Thillai

Thillai Arts for Youth Identity & Resilience (TAYIR)

TAYIR is a culturally grounded, movement-based program that strengthens social-emotional skills, emotional well-being, and identity development in young people. Rooted in the expressive discipline of Bharatanatyam, the program uses dance, rhythm, storytelling, and mindfulness to help youth build confidence, resilience, emotional regulation, and a strong sense of self. By integrating SEL principles into classical arts training, TAYIR expands access to preventive, wellness-aligned programming that supports the whole child.

Organizational Expertise:Thillai Fine Arts, a long-standing New Jersey 501(c)(3) nonprofit, has a proven track record of supporting youth development, cultural identity, and emotional expression through high-quality Bharatanatyam education. Our instructors are trained in culturally responsive pedagogy, trauma-informed practices, and youth mentorship, creating safe, inclusive learning environments where students feel supported and empowered to grow.

Project Activities:

  • Weekly SEL-infused dance sessions that map movement to CASEL competencies (self-awareness, self-management, social awareness, relationship skills, responsible decision-making)
  • Rhythm-based emotional regulation exercises teaching youth to identify and manage emotions through structured movement
  • Guided reflection and mindfulness practices integrated into dance training
  • Creative expression through choreography and narrative movement that allows youth to process experiences and build identity
  • Group activities that strengthen empathy, communication, and cooperation
  • Individual practice building focus, discipline, and self-awareness
  • Parent and caregiver engagement workshops that extend SEL learning into the home and equip adults to better support youth well-being

Implementation Approach:Sessions follow a structured, age-appropriate curriculum delivered by trained instructors using culturally relevant materials. Each class integrates movement vocabulary with SEL skill-building, allowing youth to experience embodied learning that reinforces emotional wellness and identity development. Progress is tracked through observation, self-reflection journals, and caregiver feedback.

Alignment with Grant Goals:This project directly aligns with the goal to increase the reach of programming that fosters social-emotional skills and well-being by expanding access to arts-based SEL supports for underserved youth. TAYIR provides a culturally affirming alternative to traditional SEL programming, meeting young people where they are and using movement as a powerful tool for emotional growth and community building.

Addressing Health Equity:Health equity is central to TAYIR's design. The program intentionally serves diverse, multicultural communities—particularly first-generation South Asian families navigating acculturation stress, language barriers, and unfamiliar systems of care in the United States. These families often face compounded barriers to mental health resources including cultural stigma around emotional wellness, cost, lack of linguistically and culturally responsive services, and limited knowledge of available supports. For many immigrant parents, traditional talk-therapy models feel culturally foreign or inaccessible, leaving youth without adequate social-emotional support during critical developmental years.
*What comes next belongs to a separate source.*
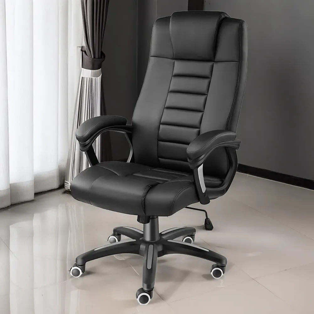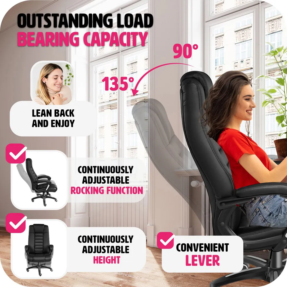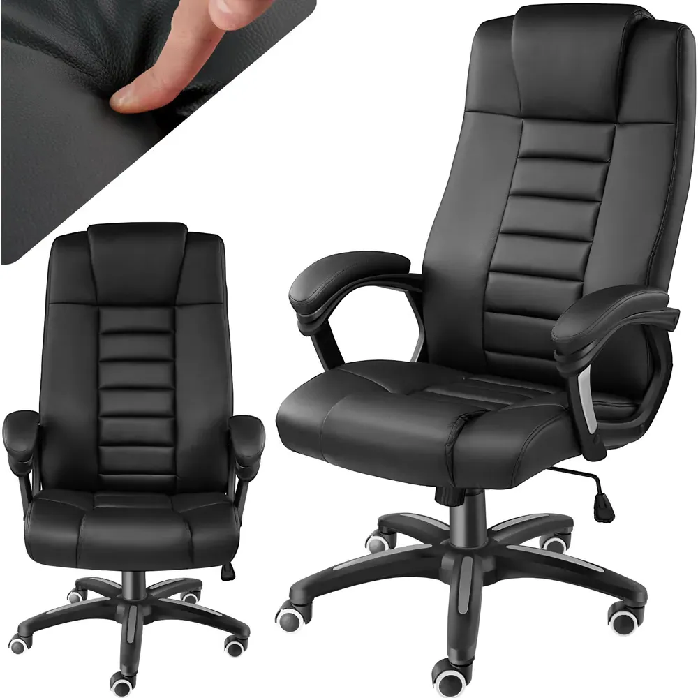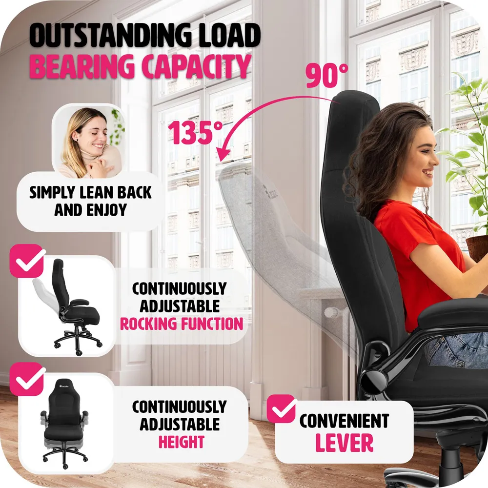 This beautiful office chair from tectake looks great and fits seamlessly alongside other pieces of furniture, be it at the workplace or in your home. Featuring a comfy seat, this chair is easy to store under the desk. Avoid cramps, tense muscles and fatigue and pay attention to your physical well-being at work with this office chair which provides high levels of seated comfort. This swivel chair is 360° rotatable and height-adjustable and is covered with a pleasant, synthetic mesh fabric which will mould to support your spine. The chairs security base with five double wheels offers great stability and allows you to glide around behind the desk. Whether in front of the office computer or just relaxing at home, this office chair by tectake will provide you with comfort and style.
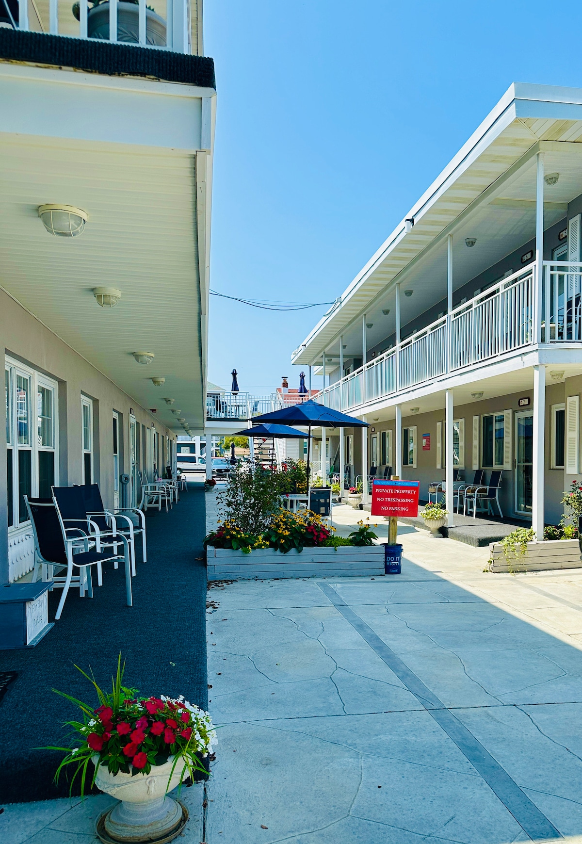 Appartement pittoresque au deuxième étage situé à 3 pâtés de maisons des plages de Wildwood Crest. À l'extérieur, rincez-vous dans la douche extérieure avant de marcher à l'intérieur où l'air central vous gardera au frais après une journée chaude à la plage. Profitez d'une tasse de café sur votre balcon privé au deuxième étage et préparez votre dîner dans notre cuisine entièrement équipée. Détendez-vous dans le salon confortable et passez une bonne nuit de repos dans les chambres équipées de placards et de matelas en mousse à mémoire de forme queen size.

TAYIR addresses these inequities by offering sliding-scale, low-cost programming delivered in a culturally affirming framework. For first-generation families, Bharatanatyam becomes a bridge—providing a familiar cultural touchstone that reduces isolation, strengthens intergenerational bonds, and creates community connection during the challenging transition to life in the U.S. For second- and third-generation South Asian American youth, the program addresses cultural disconnection and identity fragmentation that impact mental well-being. TAYIR reconnects these youth to their roots through embodied practice, helping them develop bicultural competence, cultural confidence, and a strong sense of belonging—protective factors that buffer against mental health challenges.

By meeting diverse community needs through culturally grounded arts education, TAYIR ensures that all youth—whether newly arrived or multi-generational American—can access healing, identity-building, and resilience-strengthening supports that honor who they are.